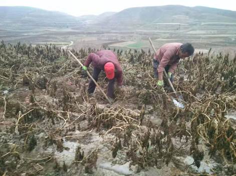 在我们这里谷雨的时候就已经种下了土豆,然后到了十月份左右,就要挖土豆了。人们这时候早出晚归,扛着铁锹挖土豆。把土豆挖出来后,就可以看到一个秧苗上连着好几个土豆,把它们抖下来,堆成好多堆,然后装在袋子里拉回家,这是一家人一年来主要的食物。怕土豆坏了,存放不住,人们总要把土豆贮存在地窖里。
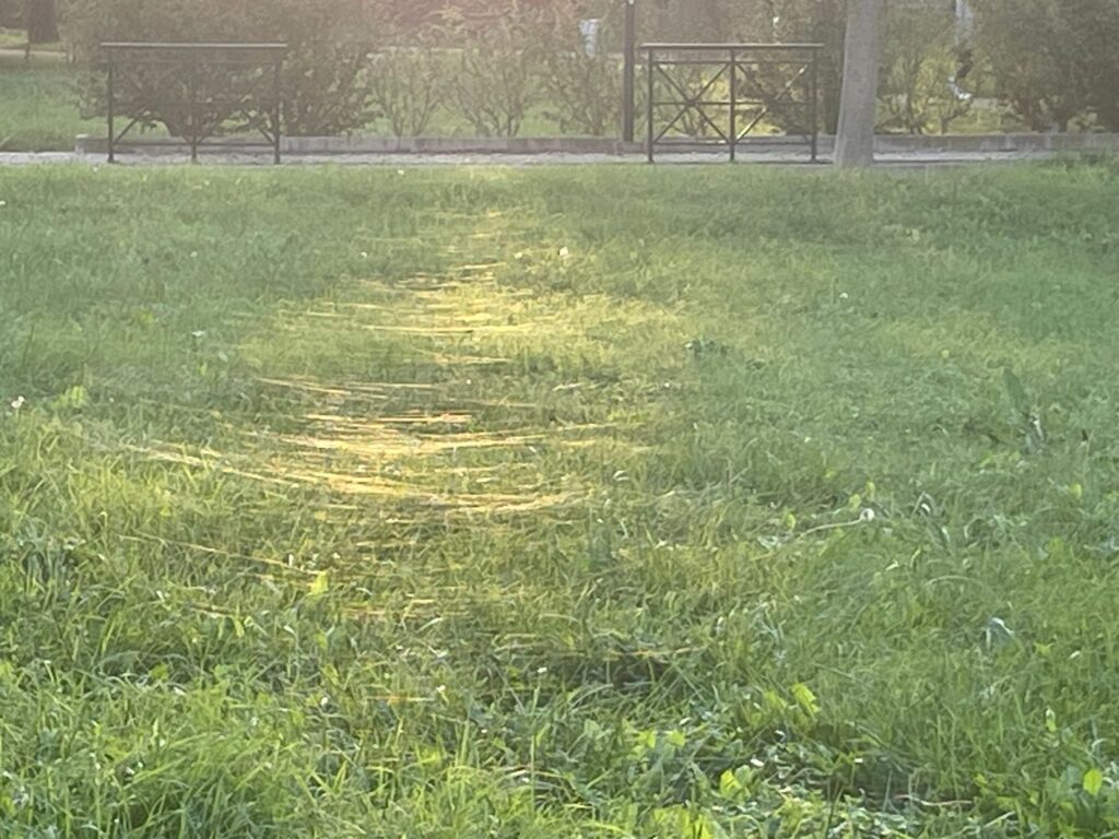 Ci riferiamo ovviamente ai ragni che tessono le loro ragnatele tra l’erba. Non si tratta delle solite ragnatele sull’erba umida di rugiada mattutina che possono essere un sintomo di un problema più grande chiamato fungo del dollaro ma bensì di sottili filamenti che si possono vedere solo controluce e noi le abbiamo notate nel parco in via Emilia nord.
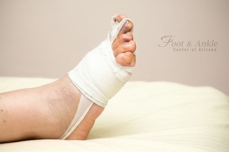 To stave off complications, follow the foot and ankle surgeon’s wound care directions.
-*-
- [Exercise goal] Once the pictures are set aside, please output all the data word for word.

- [Answer]
 在我们这里谷雨的时候就已经种下了土豆,然后到了十月份左右,就要挖土豆了。人们这时候早出晚归,扛着铁锹挖土豆。把土豆挖出来后,就可以看到一个秧苗上连着好几个土豆,把它们抖下来,堆成好多堆,然后装在袋子里拉回家,这是一家人一年来主要的食物。怕土豆坏了,存放不住,人们总要把土豆贮存在地窖里。
 Ci riferiamo ovviamente ai ragni che tessono le loro ragnatele tra l’erba. Non si tratta delle solite ragnatele sull’erba umida di rugiada mattutina che possono essere un sintomo di un problema più grande chiamato fungo del dollaro ma bensì di sottili filamenti che si possono vedere solo controluce e noi le abbiamo notate nel parco in via Emilia nord.
 To stave off complications, follow the foot and ankle surgeon’s wound care directions.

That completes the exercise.